Data analysis was performed with the R platform and GraphPad Prism. The data are presented as the mean ± SEM. The pterygium and control groups were compared using independent-sample t-tests, and the significance was set at p ≤ 0.05.

Results

Identification of the DEGs

Based on the RNA-Seq data, a total of 339 DEGs were obtained, and these genes reached the threshold p-value of <0.05. Among these DEGs, 200 transcripts were upregulated in the disease group against the health one, while 139 transcripts were found to decrease in pterygium tissues.

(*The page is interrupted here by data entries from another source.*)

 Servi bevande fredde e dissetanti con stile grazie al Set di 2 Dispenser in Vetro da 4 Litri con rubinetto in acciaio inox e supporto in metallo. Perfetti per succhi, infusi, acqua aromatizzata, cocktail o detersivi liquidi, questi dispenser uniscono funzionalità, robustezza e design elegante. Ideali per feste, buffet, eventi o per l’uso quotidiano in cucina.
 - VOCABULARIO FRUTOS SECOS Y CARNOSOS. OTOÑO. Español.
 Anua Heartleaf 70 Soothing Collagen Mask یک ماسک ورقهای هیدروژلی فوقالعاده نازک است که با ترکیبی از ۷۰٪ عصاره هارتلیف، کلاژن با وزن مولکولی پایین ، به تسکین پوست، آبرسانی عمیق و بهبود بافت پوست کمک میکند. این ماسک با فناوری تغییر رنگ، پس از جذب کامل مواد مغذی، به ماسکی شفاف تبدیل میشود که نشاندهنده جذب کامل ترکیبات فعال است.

The top 10 genes with the most obvious expression changes based on adjusted p-values are listed in Table 1. In addition, the relative expression levels are shown in a heatmap plot (Fig. 1A) and a volcano plot (Fig. 1B).

Table 1

The top 10 adjusted p-value up-regulated and down-regulated genes.

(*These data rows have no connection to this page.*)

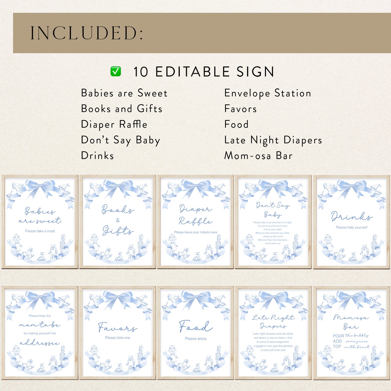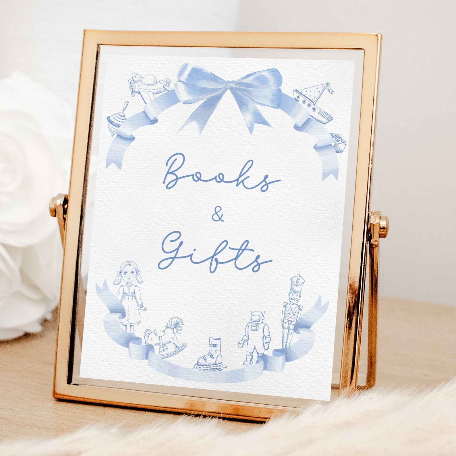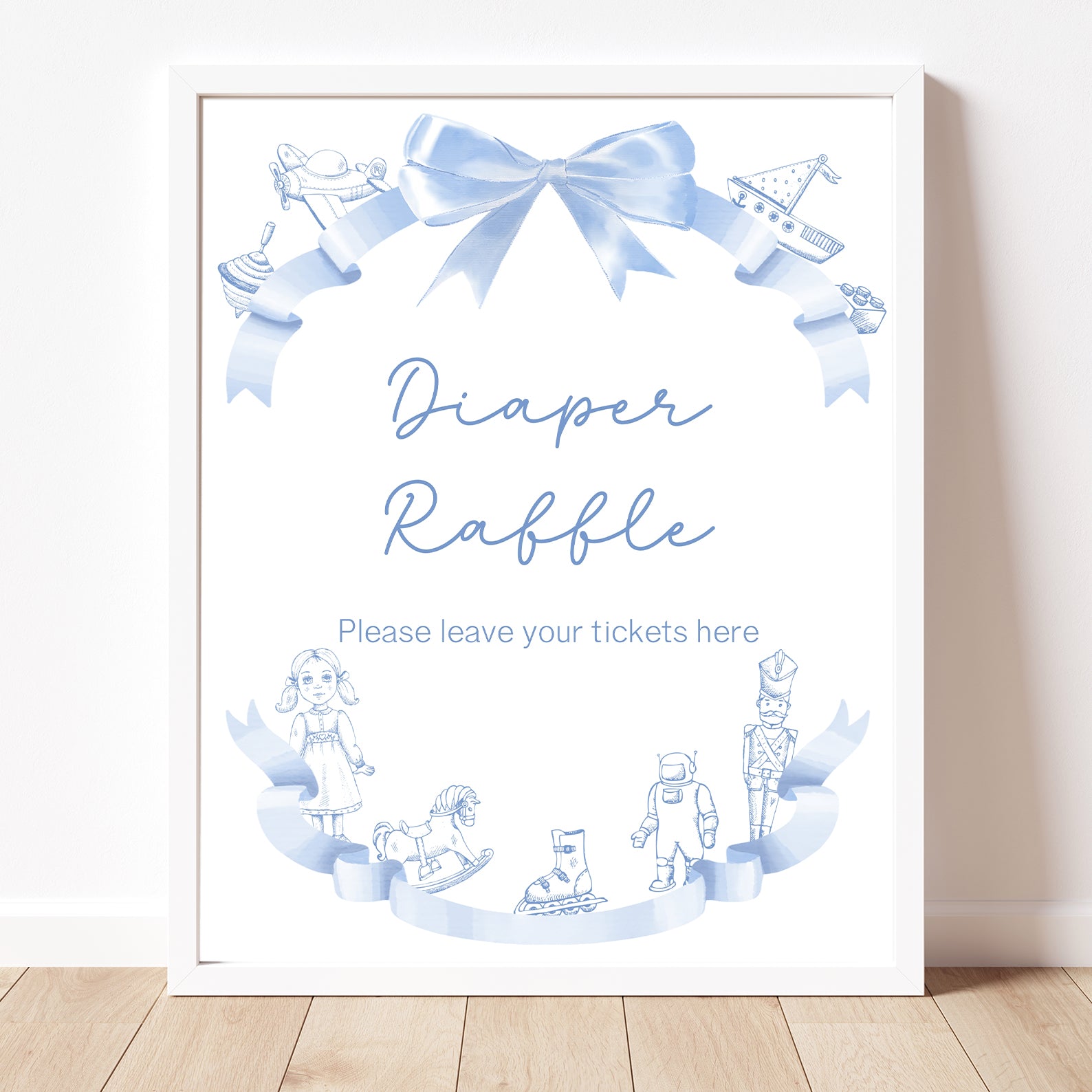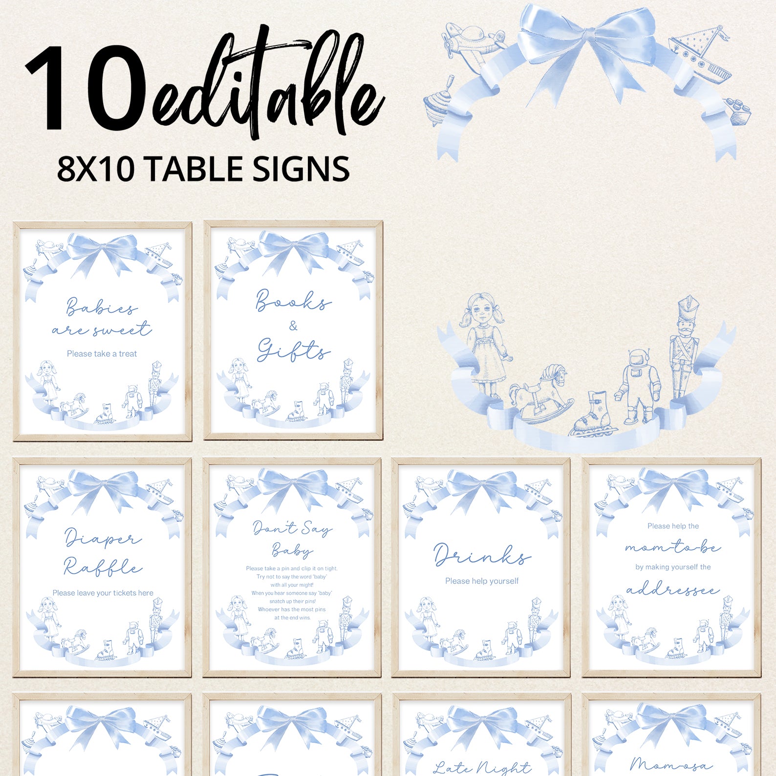 Add a classic touch to your baby shower setup with this elegant set of 10 editable table signs. Designed in a soft blue theme with blue ribbon accents, each sign features a charming toile de Jouy border with whimsical illustrations like a spinning top, airplane, and nutcracker. Includes signs for Babies Are Sweet, Books and Gifts, Diaper Raffle, Don’t Say Baby, Drinks, and more perfect for tying together a timeless and playful celebration.
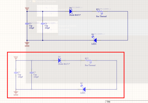 通過【放置片段摘錄】指令,就可以將這部分電路直接調(diào)用到原理圖上。
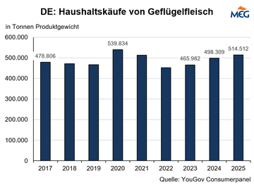 Deutschland Hähnchen Puten Verbrauch (MMB) Im Jahr 2025 kauften 84,8 % aller Haushalte mindestens einmal Geflügelfleisch. Damit lag diese Kenngröße 0,4 Prozentpunkte unter dem Niveau des Jahres 2024. Dies belegt die Auswertung des YouGov Consumerpanels.
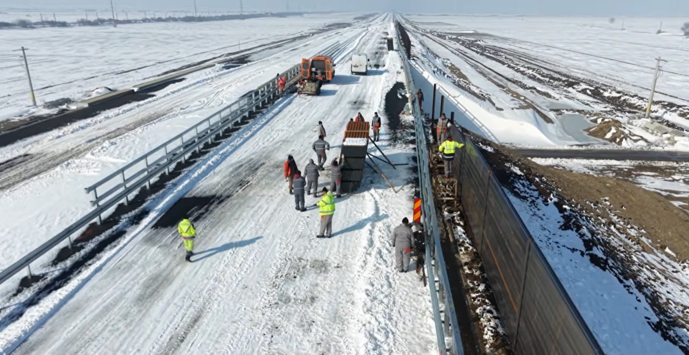 Lucrări pe timp de iarnă la tronsonul Adjud – Bacău al Autostrăzii Moldovei A7

Gene	Description	Gene ID	Regulation	Base mean	Fold change	Lfc SE	Stat	P-value	Padj
HBA1	hemoglobin subunit alpha 1	3039	Up	224.696	6.4604	0.6070	10.6437	1.87E−26	1.44E−22
HBB	hemoglobin subunit beta	3043	Up	310.551	6.2194	0.5831	10.6657	1.47E−26	1.44E−22
SFRP4	secreted frizzled related protein 4	6424	Up	21.962	4.3063	0.5746	7.4946	6.65E−14	1.71E−10
FN1	fibronectin 1	2335	Up	101.513	3.2479	0.4457	7.2865	3.18E−13	7E-10
HBA2	hemoglobin subunit alpha 2	3040	Up	351.040	6.0738	0.8777	6.9201	4.51E−12	8.69E−09
HMCN1	hemicentin 1	83872	Up	20.280	2.4963	0.4078	6.1211	9.29E−10	0.000000937
ALAS2	5′-aminolevulinate synthase 2	212	Up	4.992	5.3951	0.9013	5.9863	2.15E−09	0.00000194
ADAMTSL3	ADAMTS like 3	57188	Up	12.724	2.3096	0.4167	5.5433	2.97E−08	0.0000241
MYADM	myeloid associated differentiation marker	91663	Up	108.143	2.3998	0.4425	5.4239	5.83E−08	0.0000374
PTPRB	protein tyrosine phosphatase, receptor type B	5787	Up	16.282	1.9619	0.3643	5.3856	7.22E−08	0.0000428
NR1D1	nuclear receptor subfamily 1 group D member 1	9572	Down	139.202	−4.0960	0.4400	−9.3092	1.29E−20	6.61E−17
BHLHE40	basic helix-loop-helix family member e40	8553	Down	382.273	−1.9441	0.2195	−8.8563	8.27E−19	3.18E−15
DUSP1	dual specificity phosphatase 1	1843	Down	612.930	−2.8342	0.3633	−7.8015	6.12E−15	1.88E−11
JUNB	JunB proto-oncogene, AP-1 transcription factor subunit	3726	Down	474.866	−1.9225	0.3003	−6.4015	1.54E−10	0.000000263
RARRES1	retinoic acid receptor responder 1	5918	Down	59.449	−2.3089	0.3630	−6.3612	2E-10	0.00000028
HIST1H1E	histone cluster 1 H1 family member e	3008	Down	219.832	−2.1612	0.3390	−6.3746	1.83E−10	0.00000028
ELF3	E74 like ETS transcription factor 3	1999	Down	346.545	−2.0415	0.3229	−6.3221	2.58E−10	0.000000331
ZFP36	ZFP36 ring finger protein	7538	Down	608.443	−2.0608	0.3296	−6.2527	4.03E−10	0.000000478
BCL6	BCL6, transcription repressor	604	Down	148.632	−1.7033	0.2745	−6.2049	5.47E−10	0.000000602
ADM	adrenomedullin	133	Down	31.998	−3.1517	0.5155	−6.1137	9.74E−10	0.000000937

Figure 1

(A) The heatmap plot of differentially expressed genes in each subject; (B) the volcano plot of the 339 DEGs genes.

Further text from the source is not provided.